I. Reliability delivery at the production end
1. Ensure the sending of messages 2. Ensure the receiving of MQ nodes 3. The sender receives an acknowledgement from the MQ broker. 4. A complete message compensation mechanismCopy the code
In actual production, it is difficult to guarantee the complete reliability of the first three points. For example, in extreme environments, producers fail to send messages, and the sender suddenly breaks off the network when receiving the confirmation response, it is difficult to guarantee the reliability of delivery. Therefore, it is necessary to have the fourth perfect message compensation mechanism.
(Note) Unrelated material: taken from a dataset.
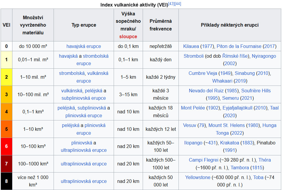 Na konci článku je tato tabulka.Zajímavé je kolik sopečných erupcí bylo po roku 2000 a kolik materiálu sopky vychrlili.(Klik na tabulku)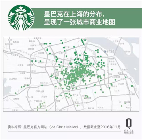 以目前星巴克在全球布局最密集的城市之一上海為例:目前近 500 家門店已經(jīng)覆蓋整個(gè)市中心、以及后期開發(fā)出來(lái)的數(shù)個(gè)城市副中心。

Second, the solution of the Internet factory
The first one: the message falls into the database, carries on the standard to the message state. Specifically, messages are persisted to the database and state values are set, and the state of the current record is changed upon receipt of the consumer's response. Polling is used to resend messages that did not receive a reply. Note that the number of retries is set here. Second: message delay delivery, do second confirmation, callback check.Copy the code
Third, the message falls into the database, marking the message status
Flow chart of message drop
After the business data and messages are stored in the database, setP2 is entered and the message is sent to the MQ service. According to the normal process, the consumer listens to the message, changes the state of the message to consumed according to the unique ID, and gives an acknowledgement ack to the Listener. If something unexpected happens and the consumer does not receive the message or the Listener fails to receive the message due to network interruption when receiving the confirmation, then we need to use our distributed timing task to grab the message from the MSG database that has not been consumed after the timeout and send it again. In the retry mechanism, you need to set the retry times limit. If the sending fails for some external reasons, do not retry too many times. Otherwise, the whole service will be destroyed. For example, if three attempts fail, set the status of the message to 2, and then manually process it through a compensation mechanism. In actual production, this is still relatively rare, but you can’t do without this compensation mechanism, or you won’t be able to achieve reliability.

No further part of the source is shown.